Almost since it opened in 1982, a string of senior editors and correspondents have resigned, citing the manipulation of the news by Moon and his subordinates. The first editor, James Whelan, resigned in 1984, confessing that "I have blood on my hands" for helping Moon’s church achieve greater legitimacy.
But Bush’s boosterism was just what Moon needed in South America. "The day after," the Unification News observed, "the press did a 180-degree about-turn once they realized that the event had the support of a U.S. President." With Bush’s help, Moon had gained another beachhead for his worldwide business-religious-political-media empire.
After the event, Menem told reporters from La Nacion that Bush had claimed privately to be only a mercenary who did not really know Moon. "Bush told me he came and charged money to do it," Menem said. [La Nacion, Nov. 26, 1996].
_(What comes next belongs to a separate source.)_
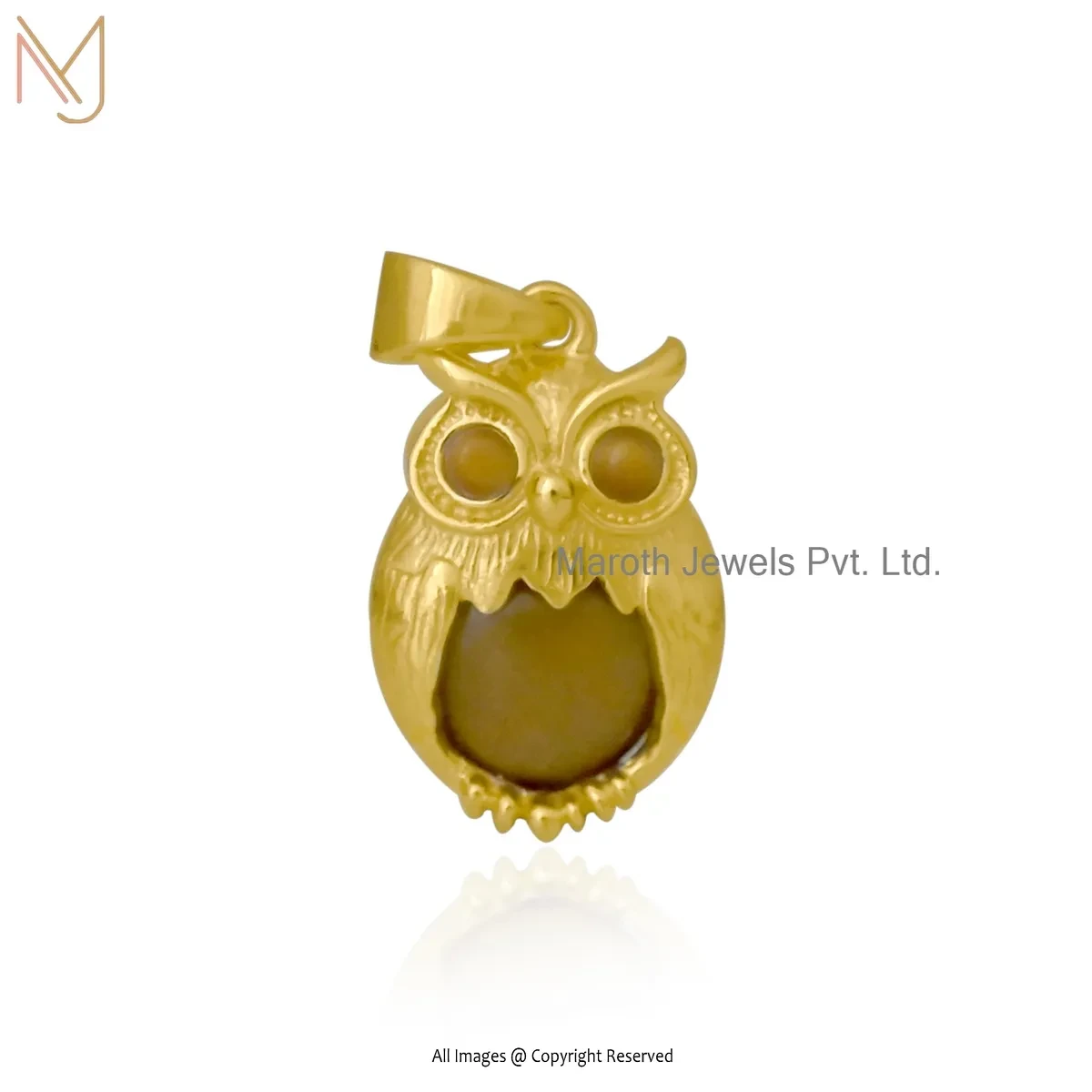 925 Silver Natural Silver Plated Malachite Owl Pendant Jewelry Supplier

But Bush was not telling Menem the whole story. By fall 1996, Bush and Moon had been working in political tandem for at least a decade and a half. The ex-President also had been earning huge speaking fees as a front man for Moon for more than a year.
In September 1995, Bush and his wife, Barbara, gave six speeches in Asia for the Women’s Federation for World Peace, a group led by Moon’s wife, Hak Ja Han Moon. In one speech on Sept. 14 to 50,000 Moon supporters in Tokyo, Bush insisted that "what really counts is faith, family and friends."
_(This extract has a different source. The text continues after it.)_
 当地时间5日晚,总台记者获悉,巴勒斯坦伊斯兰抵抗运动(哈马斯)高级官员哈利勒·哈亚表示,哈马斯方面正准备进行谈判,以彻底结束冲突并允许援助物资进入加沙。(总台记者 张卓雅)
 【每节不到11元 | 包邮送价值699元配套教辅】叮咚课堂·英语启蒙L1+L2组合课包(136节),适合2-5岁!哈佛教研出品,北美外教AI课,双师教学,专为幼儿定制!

Mrs. Moon followed the ex-President to the podium and announced that "it has to be Reverend Moon to save the United States, which is in decline because of the destruction of the family and moral decay."[Washington Post, Sept. 15, 1995]
In summer 1996, Bush was lending his prestige to Moon again. Bush addressed the Moon-connected Family Federation for World Peace in Washington, an event that gained notoriety when comedian Bill Cosby tried to back out of his contract after learning of Moon’s connection. Bush had no such qualms. [Washington Post, July 30, 1996]
Throughout these public appearances for Moon, Bush’s office refused to divulge how much Moon-affiliated organizations have paid the ex-President. But estimates of Bush’s fee for the Buenos Aires appearance alone ran between $100,000 and $500,000. Sources close to the Unification Church have put the total Bush-Moon package in the millions, with one source telling me that Bush stood to make as much as $10 million total from Moon’s organization.
The senior George Bush may have had a political motive as well. By 1996, sources close to Bush were saying the ex-President was working hard to enlist well-to-do conservatives and their money behind the presidential candidacy of his son, George W. Bush. Moon was one of the deepest pockets in right-wing circles.
Fishing for Influence
In a sermon on Jan. 2, 1996, Moon was unusually blunt about how he expected the church’s wealth to buy influence among the powerful in South America, just as it did in Washington.
"Father has been practicing the philosophy of fishing here," Moon said, through an interpreter who spoke of Moon in the third person. "He [Moon] gave the bait to Uruguay and then the bigger fish of Argentina, Brazil and Paraguay kept their mouths open, waiting for a bigger bait silently. The bigger the fish, the bigger the mouth. Therefore, Father is able to hook them more easily."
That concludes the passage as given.